▸ **Stored records**
..............................

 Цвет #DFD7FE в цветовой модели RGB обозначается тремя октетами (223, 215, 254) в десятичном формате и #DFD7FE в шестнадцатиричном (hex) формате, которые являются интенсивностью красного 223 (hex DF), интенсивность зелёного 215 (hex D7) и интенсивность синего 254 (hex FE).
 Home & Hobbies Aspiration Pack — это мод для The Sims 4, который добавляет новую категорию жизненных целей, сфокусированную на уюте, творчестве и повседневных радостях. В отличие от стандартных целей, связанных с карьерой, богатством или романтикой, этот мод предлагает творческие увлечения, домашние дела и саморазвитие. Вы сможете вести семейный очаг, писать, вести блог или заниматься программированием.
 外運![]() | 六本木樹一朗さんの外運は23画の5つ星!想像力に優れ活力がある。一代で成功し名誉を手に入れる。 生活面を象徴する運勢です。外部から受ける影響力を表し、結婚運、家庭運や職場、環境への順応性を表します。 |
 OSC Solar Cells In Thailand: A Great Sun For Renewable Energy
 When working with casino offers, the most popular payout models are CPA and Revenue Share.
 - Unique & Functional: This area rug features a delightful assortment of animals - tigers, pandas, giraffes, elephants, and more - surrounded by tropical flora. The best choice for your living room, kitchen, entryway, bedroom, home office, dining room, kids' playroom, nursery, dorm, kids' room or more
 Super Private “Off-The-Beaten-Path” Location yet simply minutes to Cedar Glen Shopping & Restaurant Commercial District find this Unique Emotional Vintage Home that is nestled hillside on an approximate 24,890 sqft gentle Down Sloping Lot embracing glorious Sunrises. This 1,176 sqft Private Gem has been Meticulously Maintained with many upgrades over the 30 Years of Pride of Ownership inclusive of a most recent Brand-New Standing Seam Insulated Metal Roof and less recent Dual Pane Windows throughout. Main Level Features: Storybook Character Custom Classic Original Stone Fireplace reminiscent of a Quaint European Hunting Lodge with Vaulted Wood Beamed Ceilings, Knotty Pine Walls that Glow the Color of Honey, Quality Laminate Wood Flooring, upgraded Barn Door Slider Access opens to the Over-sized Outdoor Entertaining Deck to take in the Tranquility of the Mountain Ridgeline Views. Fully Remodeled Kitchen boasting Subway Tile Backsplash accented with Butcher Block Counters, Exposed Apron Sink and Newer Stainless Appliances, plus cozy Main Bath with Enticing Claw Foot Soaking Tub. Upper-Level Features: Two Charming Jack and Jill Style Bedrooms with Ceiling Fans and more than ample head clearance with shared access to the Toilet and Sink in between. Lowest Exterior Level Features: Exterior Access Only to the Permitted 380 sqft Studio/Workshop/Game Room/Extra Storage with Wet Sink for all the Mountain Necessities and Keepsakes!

..............................

Print only these lines, exactly: the one containing "- Unique & Functional: This" and all after it to the end of the entries.

▸ **Written answer**
 - Unique & Functional: This area rug features a delightful assortment of animals - tigers, pandas, giraffes, elephants, and more - surrounded by tropical flora. The best choice for your living room, kitchen, entryway, bedroom, home office, dining room, kids' playroom, nursery, dorm, kids' room or more
 Super Private “Off-The-Beaten-Path” Location yet simply minutes to Cedar Glen Shopping & Restaurant Commercial District find this Unique Emotional Vintage Home that is nestled hillside on an approximate 24,890 sqft gentle Down Sloping Lot embracing glorious Sunrises. This 1,176 sqft Private Gem has been Meticulously Maintained with many upgrades over the 30 Years of Pride of Ownership inclusive of a most recent Brand-New Standing Seam Insulated Metal Roof and less recent Dual Pane Windows throughout. Main Level Features: Storybook Character Custom Classic Original Stone Fireplace reminiscent of a Quaint European Hunting Lodge with Vaulted Wood Beamed Ceilings, Knotty Pine Walls that Glow the Color of Honey, Quality Laminate Wood Flooring, upgraded Barn Door Slider Access opens to the Over-sized Outdoor Entertaining Deck to take in the Tranquility of the Mountain Ridgeline Views. Fully Remodeled Kitchen boasting Subway Tile Backsplash accented with Butcher Block Counters, Exposed Apron Sink and Newer Stainless Appliances, plus cozy Main Bath with Enticing Claw Foot Soaking Tub. Upper-Level Features: Two Charming Jack and Jill Style Bedrooms with Ceiling Fans and more than ample head clearance with shared access to the Toilet and Sink in between. Lowest Exterior Level Features: Exterior Access Only to the Permitted 380 sqft Studio/Workshop/Game Room/Extra Storage with Wet Sink for all the Mountain Necessities and Keepsakes!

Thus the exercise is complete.